* COLLECTED MATERIAL *

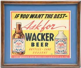 12” Dia. Pre-Prohibition, c. early 1900s. Stegmaier Brewing Co., Wilkes-Barre, Pennsylvania. Hand with four-label bottles beer tray. Harder-to-find tray with beautiful graphics. Manufactured by Chas. W. Shonk Co. Litho, marked on bottom edge. CONDITION: Has some overall wear and scratches. Some slight fade to bottom rim. (7.25). 400 - 800
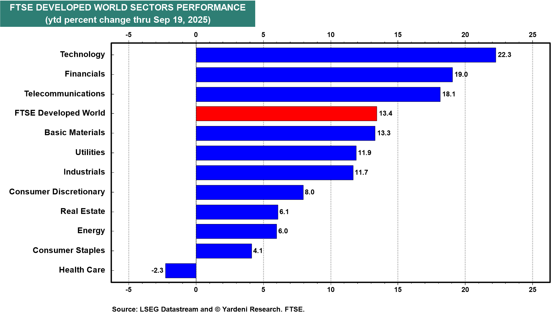 We have been drilling down into the FTSE sectors around the world on a ytd basis. (See our FTSE Country Sector Performance.) One conclusion is that the outperforming sectors of the Developed World FTSE so far this year are those that tend to grow fastest in developed economies, namely Technology, Financials, and Telecommunications (chart).
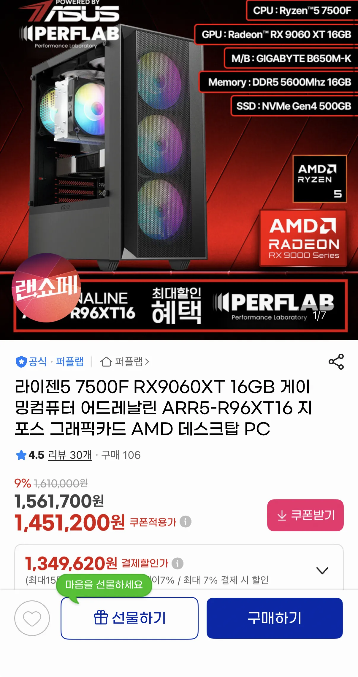 | 하이마트 | 7500F + 9060XT VRAM 16GB + DDR5 32GB + 1TB 완본체 | 1,745,480원 | QHD 게이밍 완본체 |

* TASK OBJECTIVE *
The expected result is the complete listing above, printed exactly, with no pictures.

* FINAL ANSWER *
 12” Dia. Pre-Prohibition, c. early 1900s. Stegmaier Brewing Co., Wilkes-Barre, Pennsylvania. Hand with four-label bottles beer tray. Harder-to-find tray with beautiful graphics. Manufactured by Chas. W. Shonk Co. Litho, marked on bottom edge. CONDITION: Has some overall wear and scratches. Some slight fade to bottom rim. (7.25). 400 - 800
 We have been drilling down into the FTSE sectors around the world on a ytd basis. (See our FTSE Country Sector Performance.) One conclusion is that the outperforming sectors of the Developed World FTSE so far this year are those that tend to grow fastest in developed economies, namely Technology, Financials, and Telecommunications (chart).
 | 하이마트 | 7500F + 9060XT VRAM 16GB + DDR5 32GB + 1TB 완본체 | 1,745,480원 | QHD 게이밍 완본체 |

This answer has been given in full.